This commentary was originally featured in The Hill on January 4, 2018.
As 2018 begins, there’s chatter about what Congress will do after passing the Tax Cuts and Jobs Act. The Trump administration signaled a new bipartisan approach on infrastructure, a sentiment shared by Senate leadership. The House, however, seems poised to reform welfare through budget reconciliation.
Static analyses of the recently passed tax bill fail to capture the dynamic effects of increased economic activity and job creation that tax cuts generate.
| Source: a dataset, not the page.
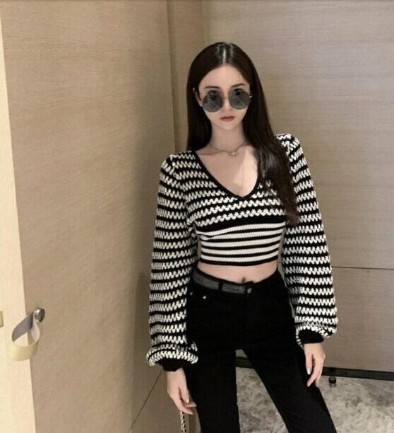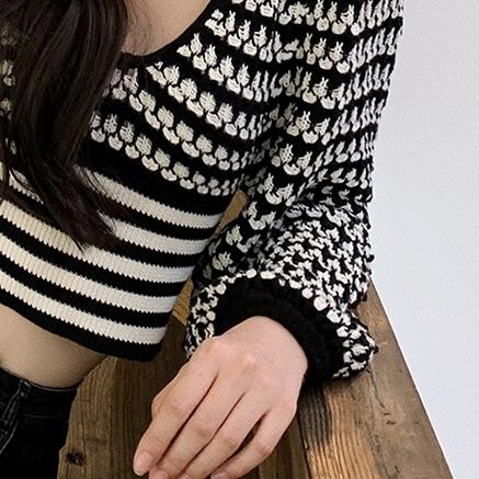 トップス レディース ニット セーター 袖あり 長袖 ボリューム袖 モノグラム へそ出し Vネック 黒 ブラック 白 ホワイト モノトーン ボーダー 縞 かわいい 大人可愛い 大人 大人女子 きれいめ おしゃれ お洒落 シンプル ラブリー キュート ガーリー フェミニン 10代 20代 学生 通学 デート お出かけ 女子会 休日 普段使い カジュアル 着回し インスタ映え モテ こなれ感 抜け感 存在感 個性的 スリム タイト 細身 ラフ ルーズ ゆる セクシー インパクト パーティー イベント

Regardless, fewer taxes will still go into the federal coffer, leading to larger deficits unless met with spending cuts. The biggest spending obstacles Americans face are the rising cost of healthcare and the rapidly escalating cost of Social Security and Medicare.
Although the tax bill appropriately repealed ObamaCare’s individual mandate, onerous federal health insurance regulations still remain, leaving patients and consumers again with double-digit premium increases, on average, next year.
Furthermore, the national debt is quickly approaching $21 trillion, or closer to $110 trillion including unfunded liabilities of Medicare and Social Security. In this environment, Congress’ 2018 priority must be to reduce government spending that’s contributing to higher costs of living, subpar healthcare system, and fewer Americans flourishing.
Congress will have to address the continuing resolution that funds the federal government in January. It should enact real reform that bends the cost-curve of Medicare and Social Security.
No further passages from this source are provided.